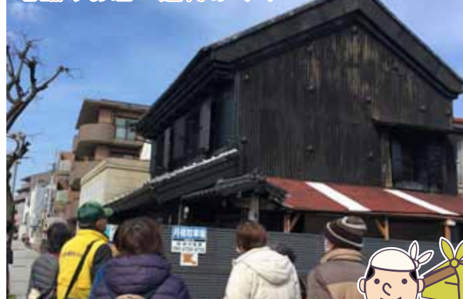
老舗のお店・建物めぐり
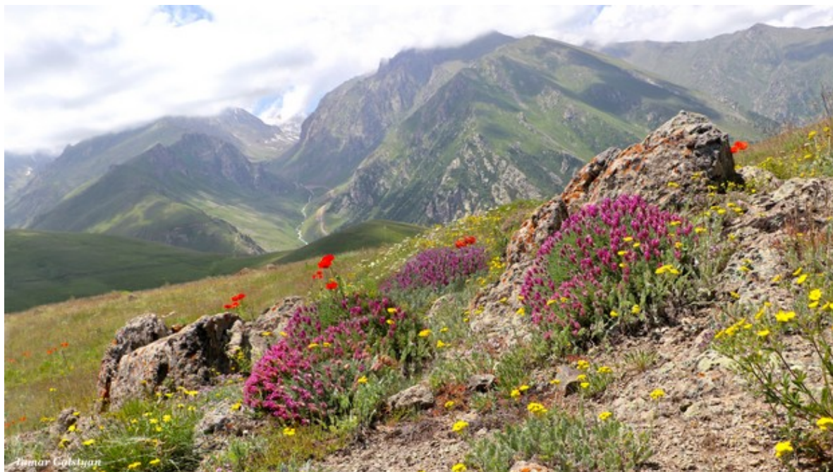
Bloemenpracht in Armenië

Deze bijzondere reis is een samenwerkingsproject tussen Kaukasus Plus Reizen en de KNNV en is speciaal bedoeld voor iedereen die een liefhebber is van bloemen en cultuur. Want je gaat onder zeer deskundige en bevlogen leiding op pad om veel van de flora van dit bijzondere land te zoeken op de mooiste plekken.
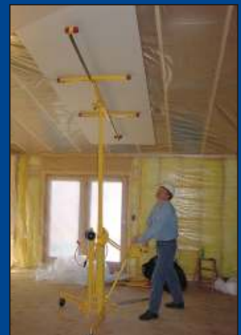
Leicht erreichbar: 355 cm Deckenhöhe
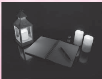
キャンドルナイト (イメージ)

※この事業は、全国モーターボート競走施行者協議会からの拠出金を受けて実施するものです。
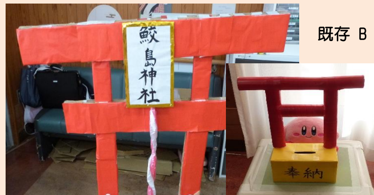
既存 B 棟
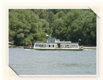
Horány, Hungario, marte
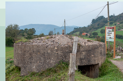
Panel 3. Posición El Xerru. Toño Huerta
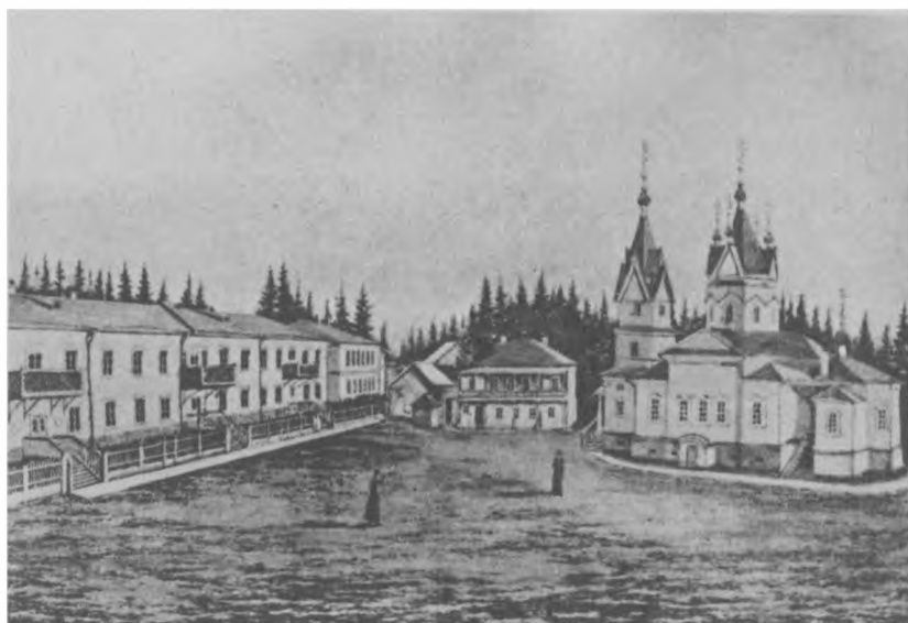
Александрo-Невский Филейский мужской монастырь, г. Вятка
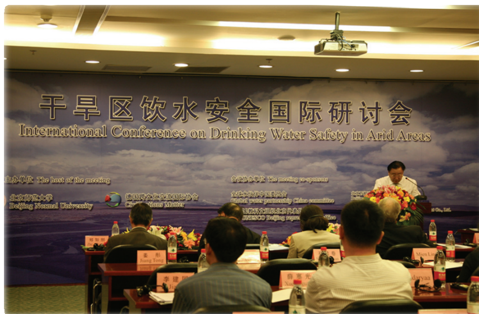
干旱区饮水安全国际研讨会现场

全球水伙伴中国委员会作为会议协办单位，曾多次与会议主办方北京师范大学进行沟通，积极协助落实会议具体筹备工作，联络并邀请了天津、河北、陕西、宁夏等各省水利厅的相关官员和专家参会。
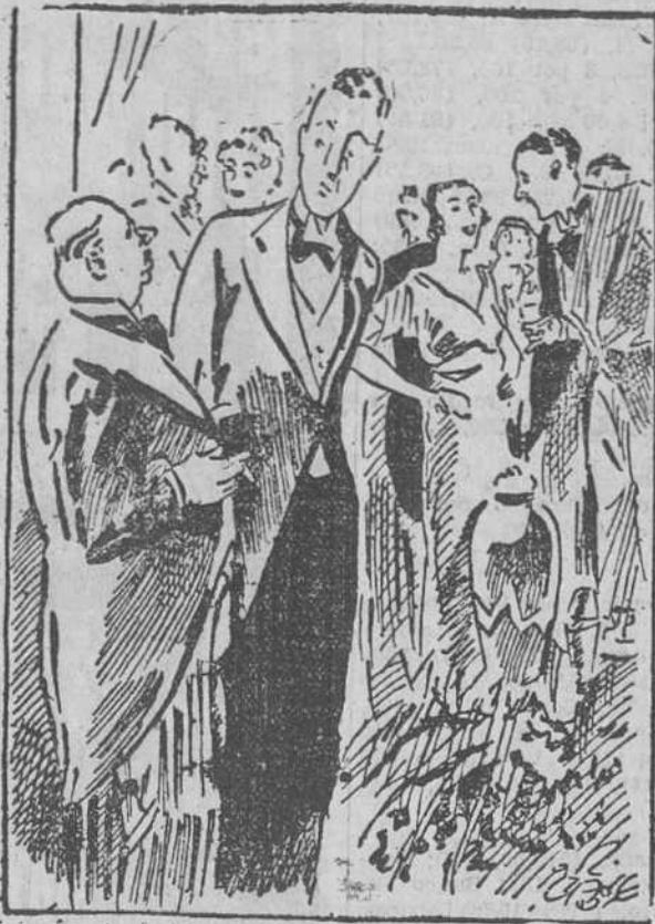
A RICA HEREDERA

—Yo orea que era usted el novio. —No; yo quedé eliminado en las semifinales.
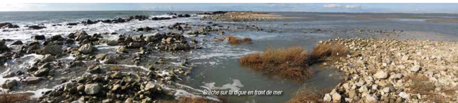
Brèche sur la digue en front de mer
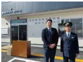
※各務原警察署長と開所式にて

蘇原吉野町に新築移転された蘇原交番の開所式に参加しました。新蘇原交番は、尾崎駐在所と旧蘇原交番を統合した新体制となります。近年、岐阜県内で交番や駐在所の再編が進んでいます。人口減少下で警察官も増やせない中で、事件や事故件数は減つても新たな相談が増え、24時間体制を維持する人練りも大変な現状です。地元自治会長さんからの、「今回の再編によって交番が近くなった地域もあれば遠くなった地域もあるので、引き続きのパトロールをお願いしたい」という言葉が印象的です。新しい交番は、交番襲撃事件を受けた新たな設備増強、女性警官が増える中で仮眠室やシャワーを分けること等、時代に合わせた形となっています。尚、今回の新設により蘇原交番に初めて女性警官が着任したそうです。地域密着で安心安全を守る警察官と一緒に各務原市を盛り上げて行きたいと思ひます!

══════════════════════════════

**Required action**
Repeat the material above verbatim, with no pictures in the output.

**Solved exercise**
老舗のお店・建物めぐり
Bloemenpracht in Armenië

Deze bijzondere reis is een samenwerkingsproject tussen Kaukasus Plus Reizen en de KNNV en is speciaal bedoeld voor iedereen die een liefhebber is van bloemen en cultuur. Want je gaat onder zeer deskundige en bevlogen leiding op pad om veel van de flora van dit bijzondere land te zoeken op de mooiste plekken.
Leicht erreichbar: 355 cm Deckenhöhe
キャンドルナイト (イメージ)

※この事業は、全国モーターボート競走施行者協議会からの拠出金を受けて実施するものです。
既存 B 棟
Horány, Hungario, marte
Panel 3. Posición El Xerru. Toño Huerta
Александрo-Невский Филейский мужской монастырь, г. Вятка
干旱区饮水安全国际研讨会现场

全球水伙伴中国委员会作为会议协办单位，曾多次与会议主办方北京师范大学进行沟通，积极协助落实会议具体筹备工作，联络并邀请了天津、河北、陕西、宁夏等各省水利厅的相关官员和专家参会。
A RICA HEREDERA

—Yo orea que era usted el novio. —No; yo quedé eliminado en las semifinales.
Brèche sur la digue en front de mer
※各務原警察署長と開所式にて

蘇原吉野町に新築移転された蘇原交番の開所式に参加しました。新蘇原交番は、尾崎駐在所と旧蘇原交番を統合した新体制となります。近年、岐阜県内で交番や駐在所の再編が進んでいます。人口減少下で警察官も増やせない中で、事件や事故件数は減つても新たな相談が増え、24時間体制を維持する人練りも大変な現状です。地元自治会長さんからの、「今回の再編によって交番が近くなった地域もあれば遠くなった地域もあるので、引き続きのパトロールをお願いしたい」という言葉が印象的です。新しい交番は、交番襲撃事件を受けた新たな設備増強、女性警官が増える中で仮眠室やシャワーを分けること等、時代に合わせた形となっています。尚、今回の新設により蘇原交番に初めて女性警官が着任したそうです。地域密着で安心安全を守る警察官と一緒に各務原市を盛り上げて行きたいと思ひます!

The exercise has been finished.